>>>

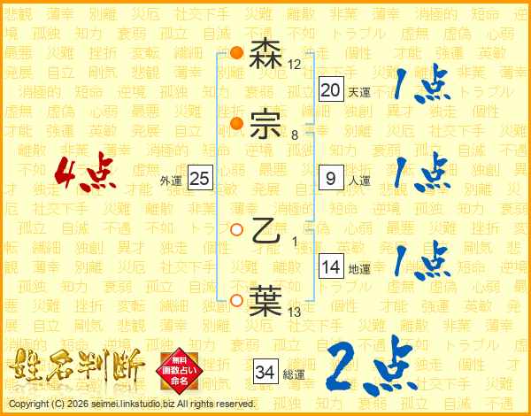 森宗乙葉さんの総運は34画の2点!
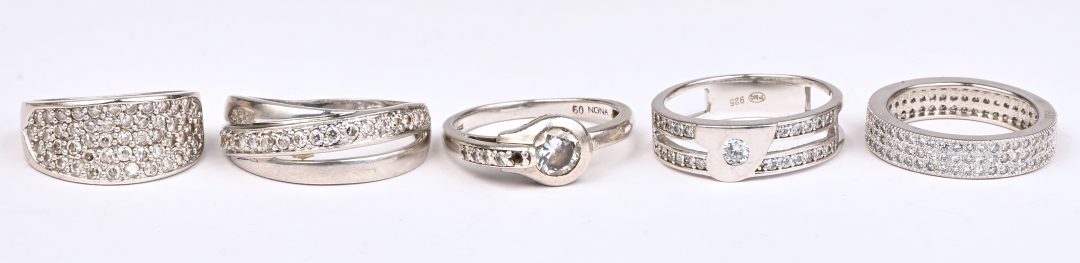 #75Vijf verschillende zilveren ringen bezet met fantasiestenen. 925‰.
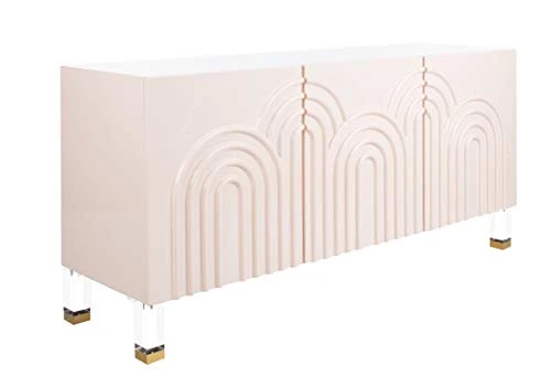 - Made from sturdy metal and MDF wood, this sculptural piece has a bright light pink finish with clear acrylic and gold legs
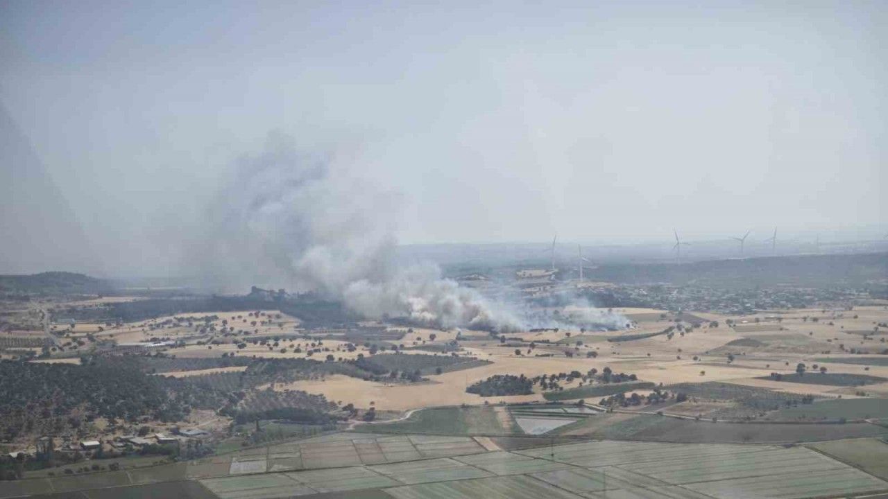 Çanakkale’nin Ezine ilçesinde tarım arazisinde başlayan yangın, Çanakkale Orman Bölge Müdürlüğü ekiplerinin havadan ve karadan müdahalesiyle kontrol altına alındı.
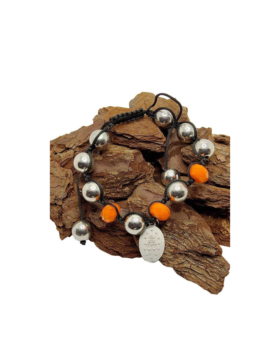 Deze shamballa armband combineert esthetiek en spiritualiteit. Gemonteerd aan een verstelbaar zwart koord, combineert hij glanzend grijze kralen met metallic effect en gefacetteerde oranje kralen. Hij is versierd met een decoratieve metalen medaille die de Wonderdadige Maagd voorstelt. Deze medaille staat symbool voor goddelijke bescherming. Hij wordt gedragen om genade of steun te vragen in moeilijke tijden. Een inspirerende en inspirerende armband, zowel modern als betekenisvol. Deze unisex armband is verstelbaar dankzij de macraméknopen, waardoor hij geschikt is voor zowel grote als kleine polsen!

<<<

## How to complete this task
Exact repetition is the task: every line from the start of the data to the line with "Çanakkale’nin Ezine ilçesinde", inclusive, and none after it, pictures omitted.

## Answer space
 森宗乙葉さんの総運は34画の2点!
 #75Vijf verschillende zilveren ringen bezet met fantasiestenen. 925‰.
 - Made from sturdy metal and MDF wood, this sculptural piece has a bright light pink finish with clear acrylic and gold legs
 Çanakkale’nin Ezine ilçesinde tarım arazisinde başlayan yangın, Çanakkale Orman Bölge Müdürlüğü ekiplerinin havadan ve karadan müdahalesiyle kontrol altına alındı.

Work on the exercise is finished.